Memoirs of Margaret Fuller Ossoli, Volume II eBook

This eBook from the Gutenberg Project consists of approximately 366 pages of information about Memoirs of Margaret Fuller Ossoli, Volume II.
’"I am not mad, most noble Festus,” was Paul’s rejoinder, as he turned upon his vulgar censor with the grace of a courtier, the dignity of a prophet, and the mildness of a saint.  But many there are, who, adhering to the faith of the soul with that unusual earnestness which the world calls “mad,” can answer their critics only by the eloquence of their characters and lives.  Now, the other day, while visiting a person whose highest merit, so far as I know, is to save his pennies, I was astounded by hearing him allude to some of most approved worth among us, thus:  “You know we consider those men insane.”

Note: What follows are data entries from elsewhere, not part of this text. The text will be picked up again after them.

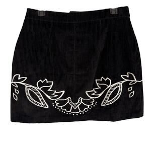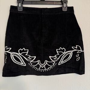 Minkpink Skirt Corduroy Mini Skirt Black & White Floral Embroidery Sz Medium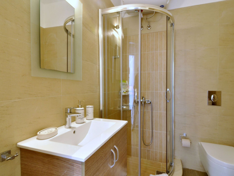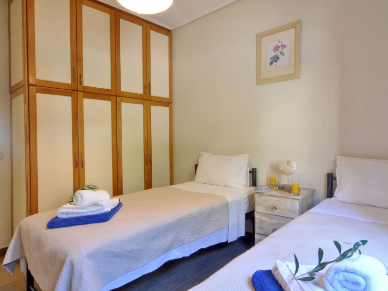 The ideal location of the apartment, right next to the sea, gives you the opportunity to enjoy the beach during the whole day; you can dive into the clear, blue, crystal sea water literally at any time, while having your children playing safely either in front of the house or in the swimming pool of the development.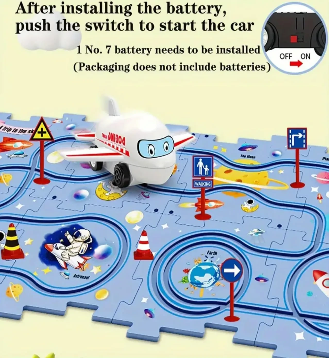 Railcar Puzzle Track Set – Electric Puzzle Track with Vehicle & Road Signs for Kids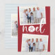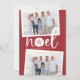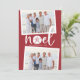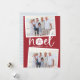 La tarjeta de vacaciones de estilo costero de moda añade un toque de playa a tus saludos navideños. Perfecto para compartir fotos de vacaciones, o para familias que viven en lugares costeros, tropicales, cálidos o de la isla, este desenfadado diseño cuenta con dos fotos favoritas en un fondo rojo festivo con "noel" en el centro. Un dólar de arena reemplaza la letra "o" por un toque costero adorable. Añada el mensaje de vacaciones de su personalizado y sus nombres o apellidos, junto con un mensaje de foto y personalizado adicional en la parte posterior.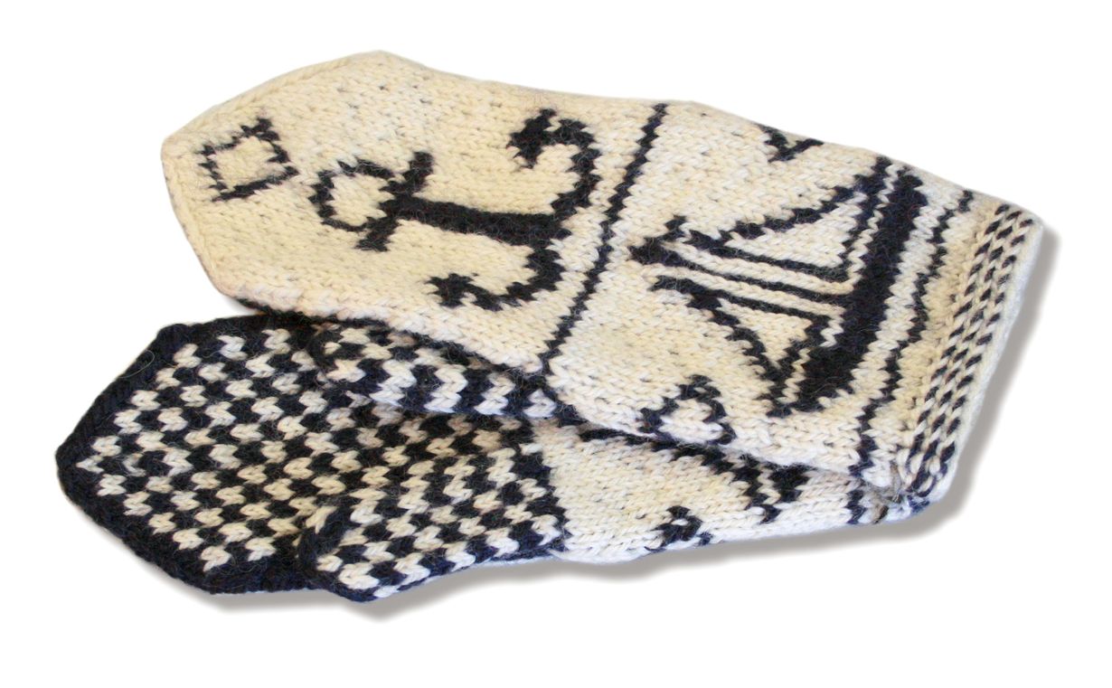 Ruotsinkielisen Uudenmaan lapasiin neulotaan hieno laivakuvio ankkureineen.

’What this meant, I could not at first well guess, so completely was my scale of character turned topsy-turvy.  But revolving the subject afterward, I perceived that we was the multiple of Festus, and those men of Paul.  All the circumstances seemed the same as in that Syrian hall; for the persons in question were they who cared more for doing good than for fortune and success,—­more for the one risen from the dead than for fleshly life,—­more for the Being in whom we live and move than for King Agrippa.
’Among this band of candidates for the mad-house, I found the young poet who valued insight of nature’s beauty, and the power of chanting to his fellow-men a heavenly music, above the prospect of fortune, political power, or a standing in fashionable society.  At the division of the goods of this earth, he was wandering like Schiller’s poet.  But the difference between American and German regulations would seem to be, that in Germany the poet, when not “with Jove,” is left at peace on earth; while here he is, by a self-constituted police, declared “mad.”

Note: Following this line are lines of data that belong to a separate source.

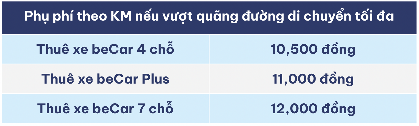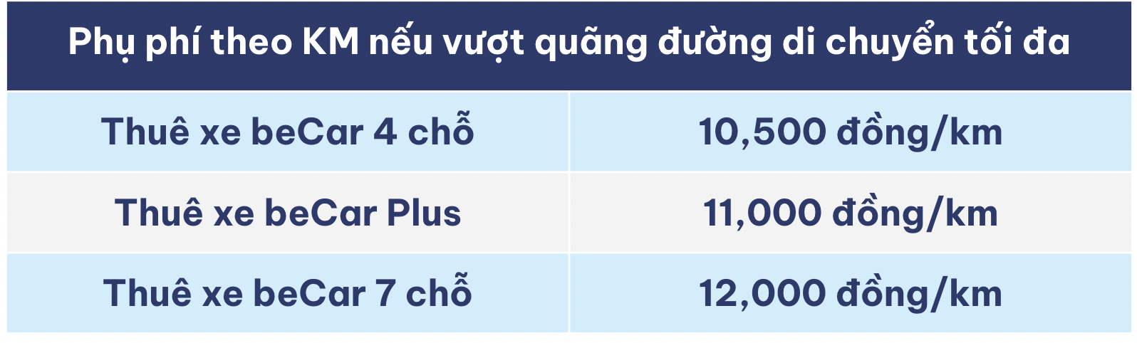 - Trường hợp di chuyển vượt quá quãng đường tối đa trong gói thuê, Tài xế có thể chủ động thương lượng phụ phí với khách hàng dựa trên quãng đường vượt thực tế.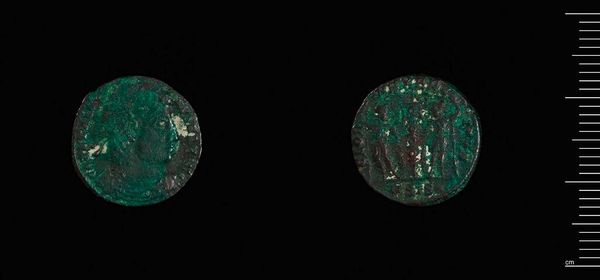 Editor: This is a Consecration Coin of Constantine I, minted in Alexandria. Its green patina gives it an otherworldly feeling; what significance might these symbols have held? Curator: Indeed, the patina speaks volumes – it's the accumulated memory of the object. Consider what "consecration" means. How might this coin have bridged the earthly and divine realms for its original users? Editor: So, it's less about monetary value and more about the symbolic power imbued in the image itself? Curator: Precisely. Think about the weight of Constantine's image. What did it represent during a period of massive religious and political transformation? The coin broadcasts that message through time. Editor: Fascinating, it's a powerful little artifact with so much to unpack! Curator: Absolutely, a symbol carrying the weight of an empire.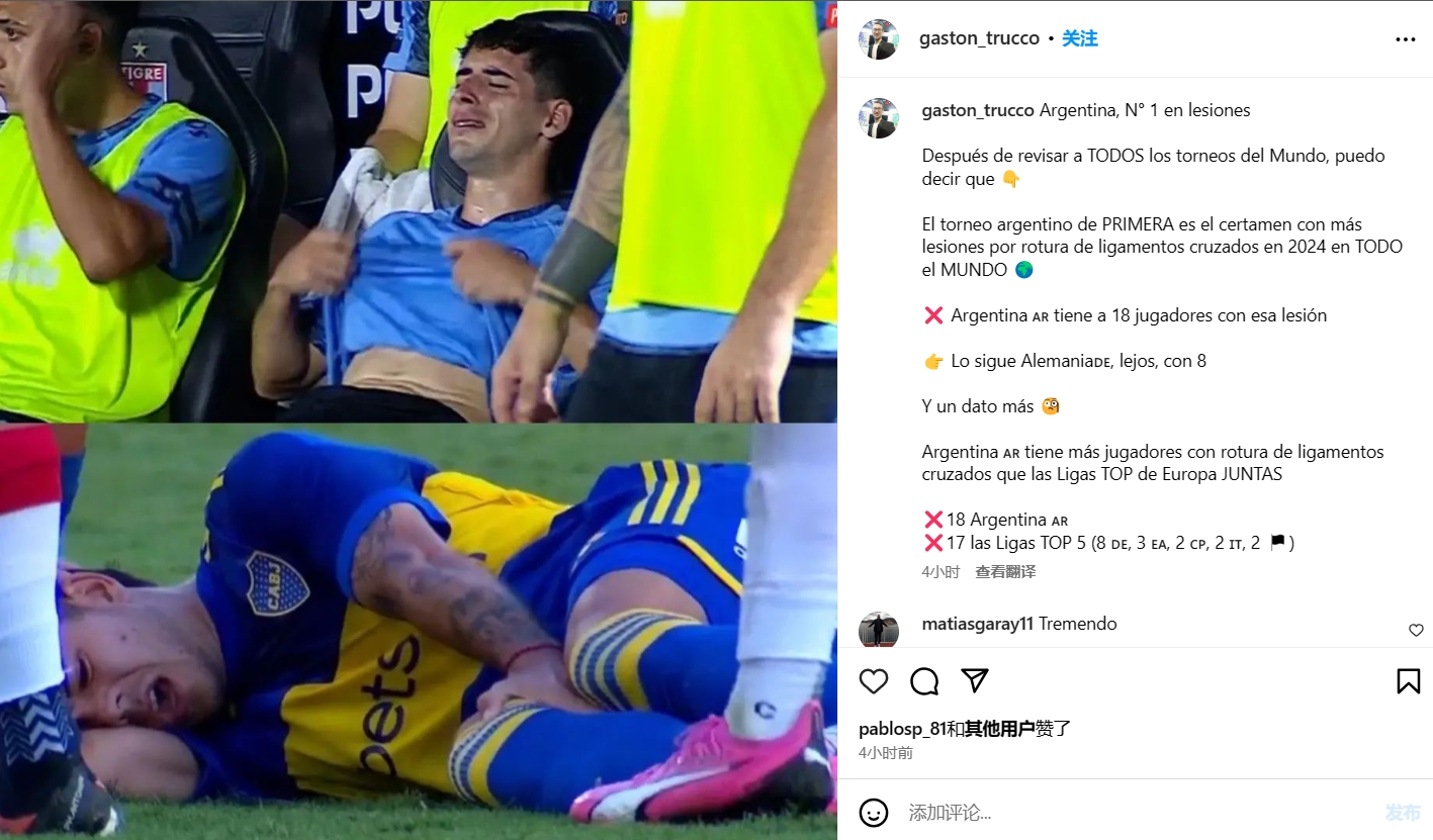 4月2日訊 據(jù)記者Gaston Trucco統(tǒng)計(jì),2024年以來阿根廷超級聯(lián)賽一共有18名球員遭遇十字韌帶斷裂重傷,高居世界第一,而且這一數(shù)字已經(jīng)超過了歐洲五大聯(lián)賽總和。

’Another of this band was the young girl who, early taking a solemn view of the duties of life, found it difficult to serve an apprenticeship to its follies.  She could not turn her sweetness into “manner,” nor cultivate love of approbation at the expense of virginity of heart.  In so called society she found no outlet for her truest, fairest self, and so preferred to live with external nature, a few friends, her pencil, instrument, and books.  She, they say, is “mad.”
’And he, the enthusiast for reform, who gives away fortune, standing in the world, peace, and only not life, because bigotry is now afraid to exact the pound of flesh as well as the ducats,—­he, whose heart beats high with hopes for the welfare of his race, is “mad.”

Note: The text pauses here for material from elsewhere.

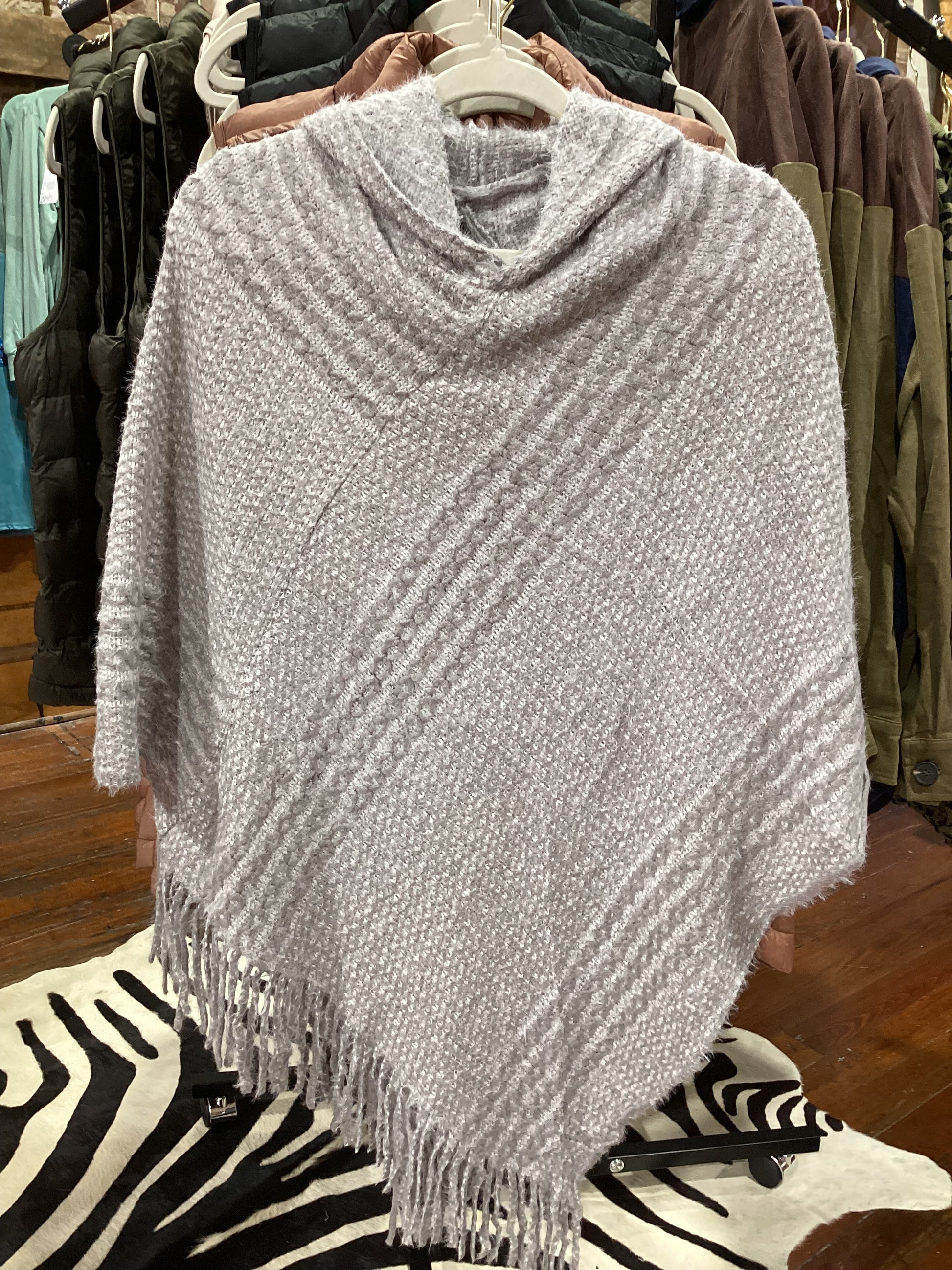 Chloe & Lex Fringed Grey Hooded Poncho

’And he, the philosopher, who does not tie down his speculation to the banner of the day, but lets the wings of his thought upbear him where they will, as if they were stronger and surer than the balloon let off for the amusement of the populace,—­he must be “mad.”  Off with him to the moon! that paradise of noble fools, who had visions of possibilities too grand and lovely for this sober earth.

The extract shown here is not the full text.